Despite striking out 10 in seven innings, including five of the last six batters he faced, Santana (2-1) lost at home for the first time since Aug. 1, 2005.
He was 17-0 during that stretch, and the Twins won all 24 games their two-time Cy Young Award winner pitched -- one short of the major league record set in 1890-91 by Louisville with Scott Stratton, according to the Elias Sports Bureau.
"If it's over, it's over," Santana said. "Then we'll start another one. It's that simple."
He gave up six hits, four runs and one walk, which came in a three-run fifth by the Devil Rays -- who erased a 10-game losing streak at Minnesota. This was their first victory here since June 3, 2004, when Santana was also the victim.
Kazmir (1-1) doesn't quite have the resume Santana has, but he's a young All-Star left-hander himself with plenty of promise. Still, he appeared in awe of his accomplishment.
"I'm up for the challenge," he said, smiling and shaking his head. "I always am. Just being alongside Santana is nice company."
Luis O. Rodriguez's RBI single in the second inning and Justin Morneau's upper-deck homer in the sixth were the only runs given up by Kazmir, who surrendered six hits without a walk and struck out six.
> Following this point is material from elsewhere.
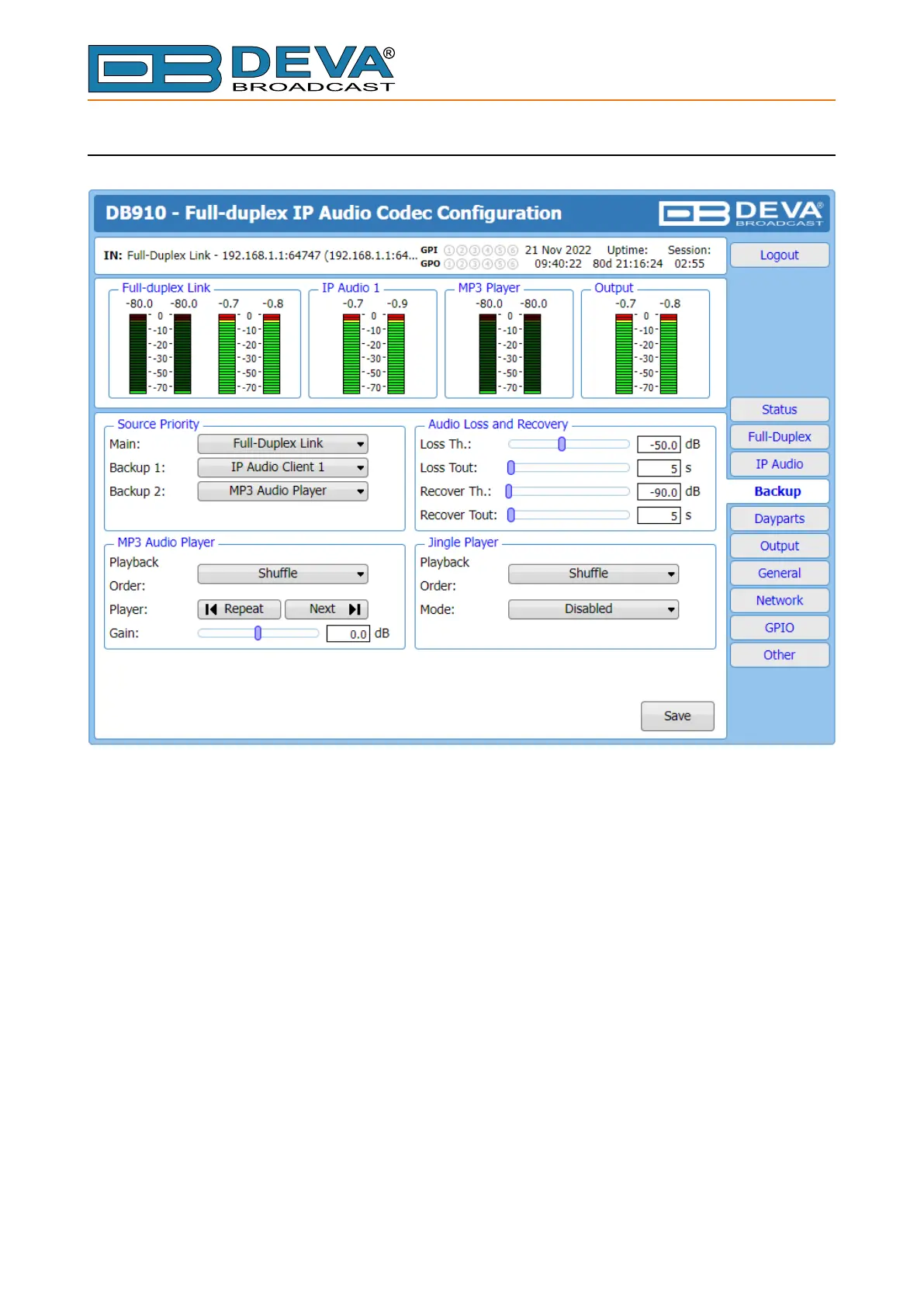 Through this screen are applied all needed settings to the alternative sources. The backup

He won for the first time in four career starts against the Twins.
"I don't look at our offense in a bad way against that kid," Minnesota manager Ron Gardenhire said.
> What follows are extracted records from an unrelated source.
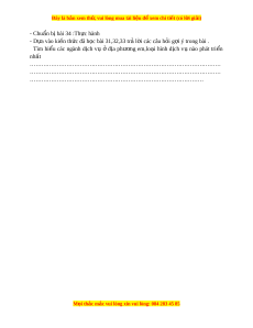 - D a vào ki n th c đã h c bài 31,32,33 tr l i các câu h i g i ý trong bài .ự ế ứ ọ ả ờ ỏ ợ
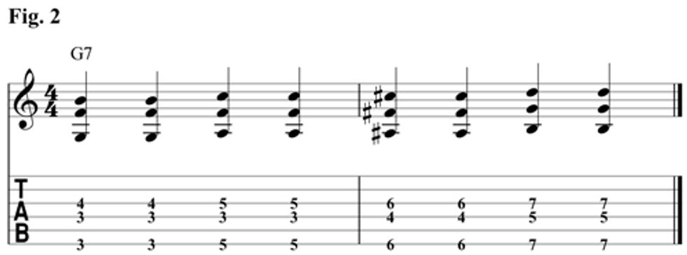 You can see in Fig. 2 how the walk-up works over two measures of G7. We take the shape that appears on beat 2 of the first measure and move it up chromatically. Now, let’s transpose the walk-up from G6 to C6, and then D7 as shown in Fig. 3. Again, it helps to angle your fretting hand so it naturally and easily mutes all the unwanted open strings.
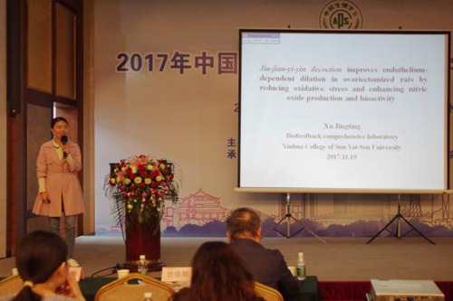 中山大学新华学院相关医学专业的50余位师生代表参会学习与研讨。在大会报告单元,由国家教学名师,中山大学新华学院校长、中山大学中山医学院生理学教授王庭槐所领衔的研究团队作了题为《雌激素的心血管作用及其机制》的学术报告,报告了近年来团队所取得的研究进展和今后的研究方向。在大会青年学术报告单元,来自中山大学新华学院生物医学工程学院的青年教师代表徐静婷作了题为《Jia-jian-yi-yin decoction improves endothelium-dependent dilation in ovariectomized rats by reducing oxidative stress and enhancing nitric oxide production and bioactivity》的论文报告,同与会人员分享了其研究方法和研究发现。
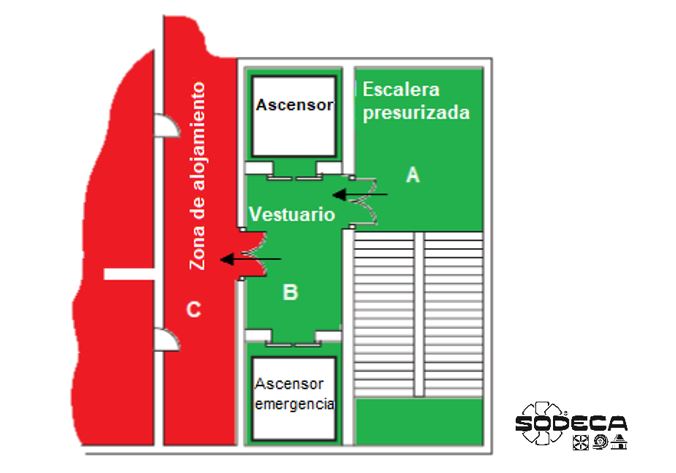 a) Estant totes les portes de la via d’evacuació tancades (sistemes D, C i E): en aquest cas cal un requeriment de pressió addicional consistent a disposar d’un diferencial de pressió entre la via protegida i les zones no pressuritzades de 10 Pa en cas que la porta de sortida final a l’exterior de la via d’evacuació estigui oberta. En aquest darrer escenari la diferència entre una i altra classe de sistema rau en el nombre de portes que es consideren obertes a l’escala a més de la porta de sortida final.
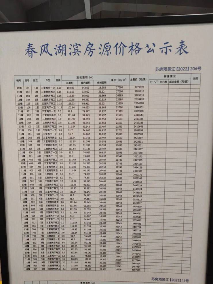 一房一价表:
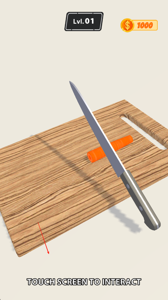 1、進(jìn)入游戲后查看食材列表,點(diǎn)擊選中蔬菜放置案板,點(diǎn)擊屏幕操控刀具將其切成薄片或塊狀,完成切菜階段操作。

Al Reyes worked the ninth for his third save in as many attempts, allowing a one-out double to Morneau but nothing else.
Tampa Bay, which leads the majors with 16 homers, also matched a team record by hitting a home run in 10 straight games -- first done from Sept. 18-28, 2000.
Crawford's big hit came at the start of the sixth, meaning it was all right to keep his head down. Left fielder Josh Rabe played the slicing line drive awkwardly, failing to run fast enough to make a backhanded catch. The ball bounced in front of him, rolled to the wall and stopped, allowing Crawford -- one of the quickest players in the majors -- to run around the bases and score standing up.
"When I saw the ball get past him, I knew I was going to at least try for it," he said. "They made fun of me running through the sign, and I was going to run through the sign again."
In Thursday night's game, Crawford was embarrassed while trying to get a triple that caused a ninth-inning double play in a 3-2 win by the Twins. He didn't look up to see that Ben Zobrist was already on third base, and then he retreated to second and got tagged out there.
Manager Joe Maddon was happy with the way his young outfielder bounced back from that.
"That speaks to the resiliency of our boys right now," he said.
Josh Paul singled in Young, and then B.J. Upton's high chop drove in Iwamura. Santana charged off the mound and gloved the ball, but he leaped like a basketball player and unsuccessfully tried to swat it toward the plate as Iwamura scored easily.
"It happens sometimes. You're going to have a bad inning," Santana said, later adding: "You've just got to focus on your next start and give your team a chance to win the next game."
- Referencing Crawford's mistakes from the day before, Maddon joked that he wasn't worried about any negatively superstitious effects on his team on Friday the 13th. "We've had many of those," he said.
- Morneau was given his 2006 AL Most Valuable Player award in a brief ceremony conducted before the game that included Hall of Famer Harmon Killebrew, one of four Twins who have been an MVP.
- The 28-year-old rookie Iwamura, who was playing previously in his native Japan, failed to get a hit for the first time in his 10-game career. He walked twice, though.
- For Minnesota, Luis Castillo (0-for-15) and Jason Bartlett (0-for-14) ended hitless streaks.